Posts for Impact009

Experienced Forum User
Joined: 2/26/2009
Posts: 5
Location: United States
Post-capturing I meant. Well anyway, I tried MSU and YULS, and though the compression on both was twice as good compared to HuffYUV, I still got nowhere near towards the end of the movie. It was expected, since I barely got 1/5 of the way through with HuffYUV. I guess I'll sacrifice some quality, but I seriously wonder why the need for this many video segments...
Experienced Forum User
Joined: 2/26/2009
Posts: 5
Location: United States
I think you misunderstood what I wanted to do. Yes, I do use x264, but I need an AVI file to load with AVISynth to edit some things and bring into MeGUI. Unless there's a way for mupen64 Re-Record to somehow directly access x264, which I'm trying to find out, then I would have to use something else (hence XviD) since I can't use HuffYUV. And yes I know that mp4 is a container, but I meant converting through x264 into mp4, which is something that I said I would not do because constant decoding and re-encoding would kill video quality anyway. I tried x264 "lossless" encoding, and it's not lossless in areas of bright red. Thanks for the heads up on the new encoder, but I'm hoping that it's size and not the number of frames that does this. I only managed to get through about 1/5 of the run.

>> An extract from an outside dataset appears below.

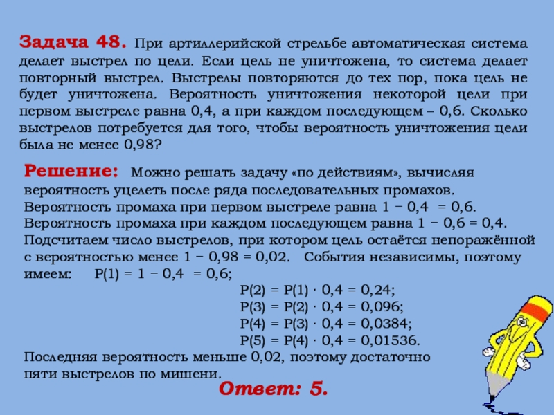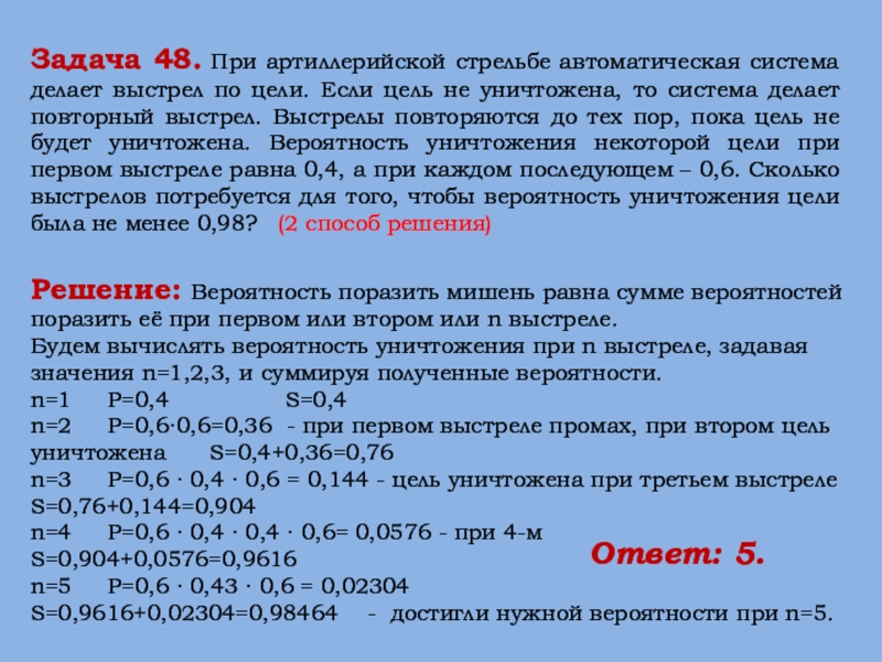 Задача 48. При артиллерийской стрельбе автоматическая система делает выстрел по цели. Если цель не уничтожена, то система делает повторный выстрел. Выстрелы повторяются до тех пор, пока цель не будет уничтожена. Вероятность уничтожения некоторой цели при первом выстреле равна 0,4, а при каждом последующем – 0,6. Сколько выстрелов потребуется для того, чтобы вероятность уничтожения цели была не менее 0,98?

Post subject: AVI Capture in mupen64
Experienced Forum User
Joined: 2/26/2009
Posts: 5
Location: United States
I usually use my own capturing tools, so I've never used mupen64's AVI capture before, but it seemed pretty straightforward. I can't capture anything in AVI that's too long. For example, mupen64 will make Movle.avi, then MovieA.avi all the way to MovieZ.avi, then Movie[.avi. It seems like after that, it runs out of file names that it can use and crashes. These files are roughly 1.93 GB with anywhere between 3,700 and 3,800 frames using HuffYUV. I wanted to encode it using H.264, but I rather not have to resort to using a lossy codec to capture into .avi and THEN convert it to .mp4. I guess I'll encode straight to XviD then. My problem is with the emulator running out of file names and crashing then. Is there a way to keep it from doing that? I don't mind (I would actually prefer) one huge file that I can work with.
Experienced Forum User
Joined: 2/26/2009
Posts: 5
Location: United States
I tested this with OoT. I opened a .m64 file and saved it as a new file (with no changes made). It clips off about 1 MB of data and causes a desync about 26,000 frames in. The header information is still there, and so are all of the input frames. I am confused as to what was in that 1 MB of data.
Post subject: Manipulating the RNG
Experienced Forum User
Joined: 2/26/2009
Posts: 5
Location: United States
How did you know exactly when to manipulate the RNG. Did you develop a flowchart/table or something? Something like walking an extra step to avoid an extra battle a minute or two later makes it seem like you'd have to know the code itself. Sure you can look at the memory addresses, but wouldn't they change after every step? That seems difficult to keep track of. I'm also interested in how you were able to manipulate luck to focus certain enemies' attacks on specific characters.